• [Data below]
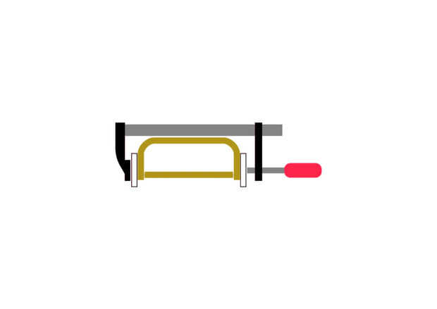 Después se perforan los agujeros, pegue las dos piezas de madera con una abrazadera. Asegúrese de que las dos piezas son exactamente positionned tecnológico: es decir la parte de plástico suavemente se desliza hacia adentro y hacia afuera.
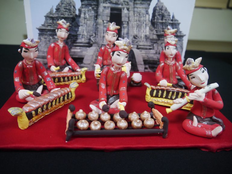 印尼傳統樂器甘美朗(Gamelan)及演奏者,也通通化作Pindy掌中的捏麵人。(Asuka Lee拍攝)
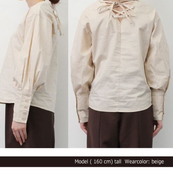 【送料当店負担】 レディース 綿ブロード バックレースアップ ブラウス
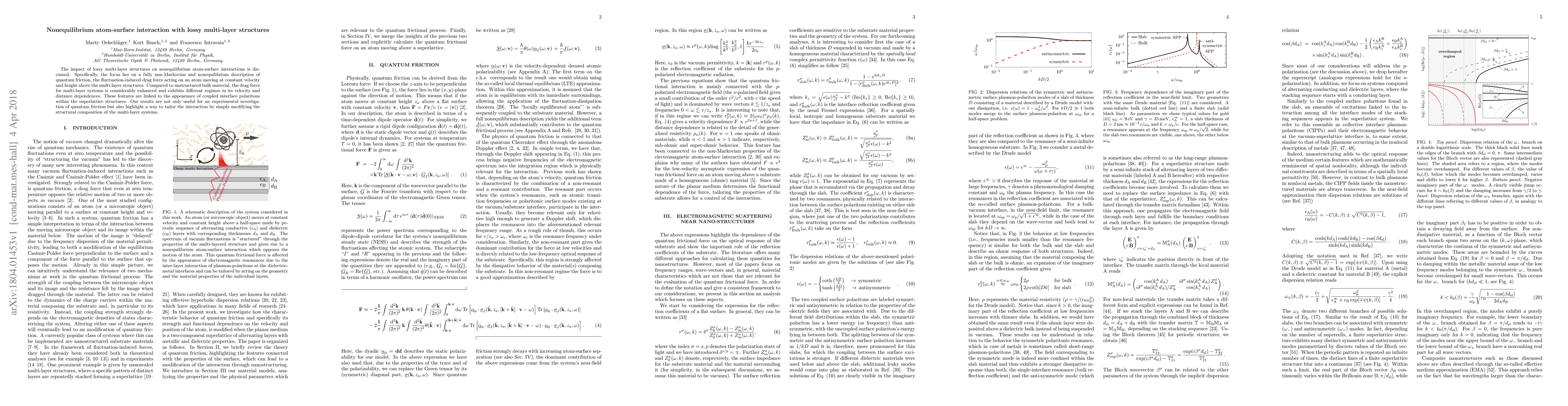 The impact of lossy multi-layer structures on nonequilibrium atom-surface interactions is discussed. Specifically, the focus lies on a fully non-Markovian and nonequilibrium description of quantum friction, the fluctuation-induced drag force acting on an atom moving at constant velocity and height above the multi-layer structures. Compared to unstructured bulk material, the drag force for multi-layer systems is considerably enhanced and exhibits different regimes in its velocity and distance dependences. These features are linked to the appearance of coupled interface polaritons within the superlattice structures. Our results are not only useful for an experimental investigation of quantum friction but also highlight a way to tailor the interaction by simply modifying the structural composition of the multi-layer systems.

• [Exercise requirements]
Each line from the one with "印尼傳統樂器甘美朗(Game" to the final line of the data above is to be printed exactly; no picture should appear in the copy.

• [Result]
 印尼傳統樂器甘美朗(Gamelan)及演奏者,也通通化作Pindy掌中的捏麵人。(Asuka Lee拍攝)
 【送料当店負担】 レディース 綿ブロード バックレースアップ ブラウス
 The impact of lossy multi-layer structures on nonequilibrium atom-surface interactions is discussed. Specifically, the focus lies on a fully non-Markovian and nonequilibrium description of quantum friction, the fluctuation-induced drag force acting on an atom moving at constant velocity and height above the multi-layer structures. Compared to unstructured bulk material, the drag force for multi-layer systems is considerably enhanced and exhibits different regimes in its velocity and distance dependences. These features are linked to the appearance of coupled interface polaritons within the superlattice structures. Our results are not only useful for an experimental investigation of quantum friction but also highlight a way to tailor the interaction by simply modifying the structural composition of the multi-layer systems.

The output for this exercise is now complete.